Assigned task: Filter the lines below, copying only those with the string "Tornado".

Information shown:
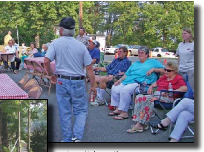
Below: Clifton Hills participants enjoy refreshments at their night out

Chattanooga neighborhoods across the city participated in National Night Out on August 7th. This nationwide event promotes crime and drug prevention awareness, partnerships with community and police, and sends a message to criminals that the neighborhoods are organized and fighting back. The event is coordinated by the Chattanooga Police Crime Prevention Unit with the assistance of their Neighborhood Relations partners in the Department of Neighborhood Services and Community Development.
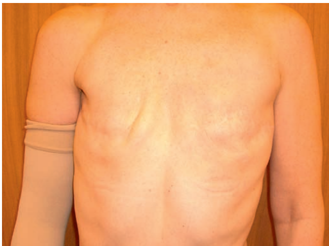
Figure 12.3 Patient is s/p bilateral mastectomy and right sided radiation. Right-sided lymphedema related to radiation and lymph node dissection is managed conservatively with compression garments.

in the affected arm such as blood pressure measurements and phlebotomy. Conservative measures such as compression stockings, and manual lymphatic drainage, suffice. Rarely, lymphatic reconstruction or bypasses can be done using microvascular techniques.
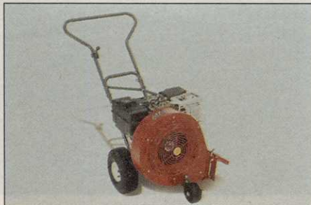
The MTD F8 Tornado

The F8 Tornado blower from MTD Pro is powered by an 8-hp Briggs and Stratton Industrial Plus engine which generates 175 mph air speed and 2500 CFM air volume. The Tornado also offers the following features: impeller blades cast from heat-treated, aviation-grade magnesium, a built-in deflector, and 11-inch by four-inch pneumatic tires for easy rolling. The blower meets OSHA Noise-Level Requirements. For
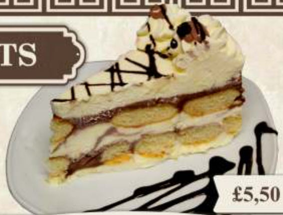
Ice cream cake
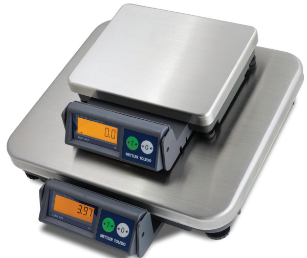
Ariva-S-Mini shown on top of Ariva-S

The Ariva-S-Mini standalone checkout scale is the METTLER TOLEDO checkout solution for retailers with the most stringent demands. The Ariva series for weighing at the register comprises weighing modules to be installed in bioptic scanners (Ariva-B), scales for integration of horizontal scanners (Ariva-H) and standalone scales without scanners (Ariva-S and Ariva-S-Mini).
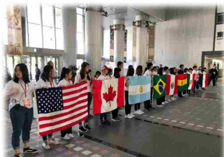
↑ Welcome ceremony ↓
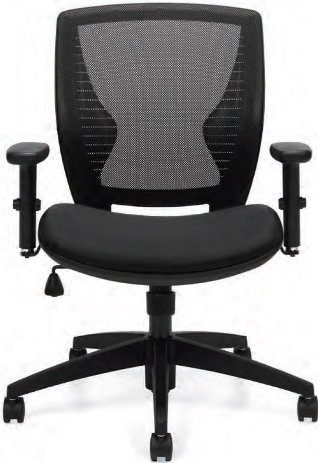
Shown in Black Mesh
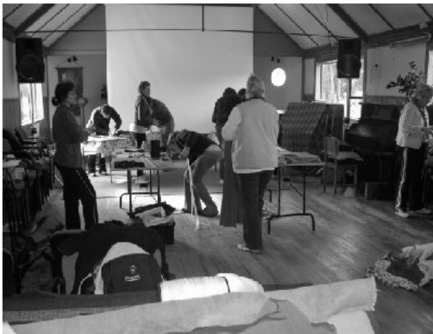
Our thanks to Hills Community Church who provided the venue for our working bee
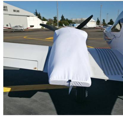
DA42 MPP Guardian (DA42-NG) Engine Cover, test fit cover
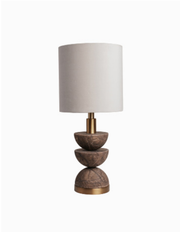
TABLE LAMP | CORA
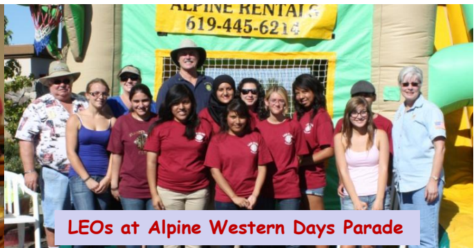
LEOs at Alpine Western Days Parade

==

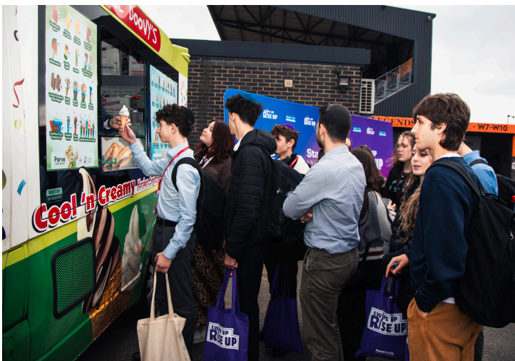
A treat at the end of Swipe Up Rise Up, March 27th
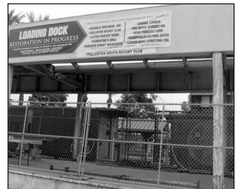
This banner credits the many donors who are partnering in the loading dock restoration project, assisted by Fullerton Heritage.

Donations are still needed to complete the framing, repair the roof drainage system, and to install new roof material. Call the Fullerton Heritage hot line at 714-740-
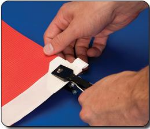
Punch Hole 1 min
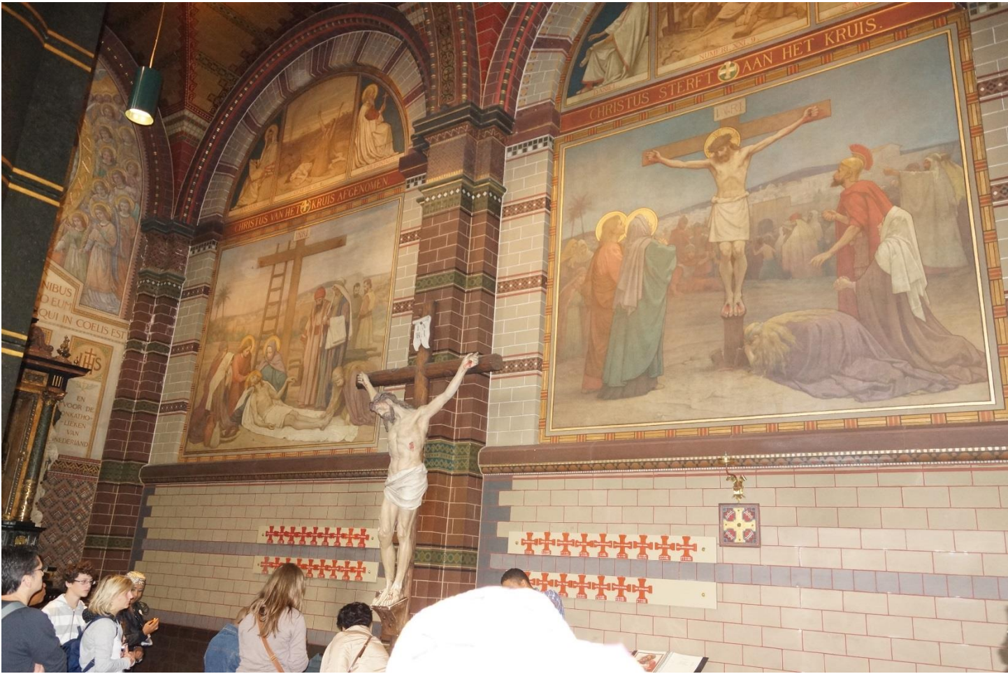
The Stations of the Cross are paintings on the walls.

Solution to this problem:
The MTD F8 Tornado
The F8 Tornado blower from MTD Pro is powered by an 8-hp Briggs and Stratton Industrial Plus engine which generates 175 mph air speed and 2500 CFM air volume. The Tornado also offers the following features: impeller blades cast from heat-treated, aviation-grade magnesium, a built-in deflector, and 11-inch by four-inch pneumatic tires for easy rolling. The blower meets OSHA Noise-Level Requirements. For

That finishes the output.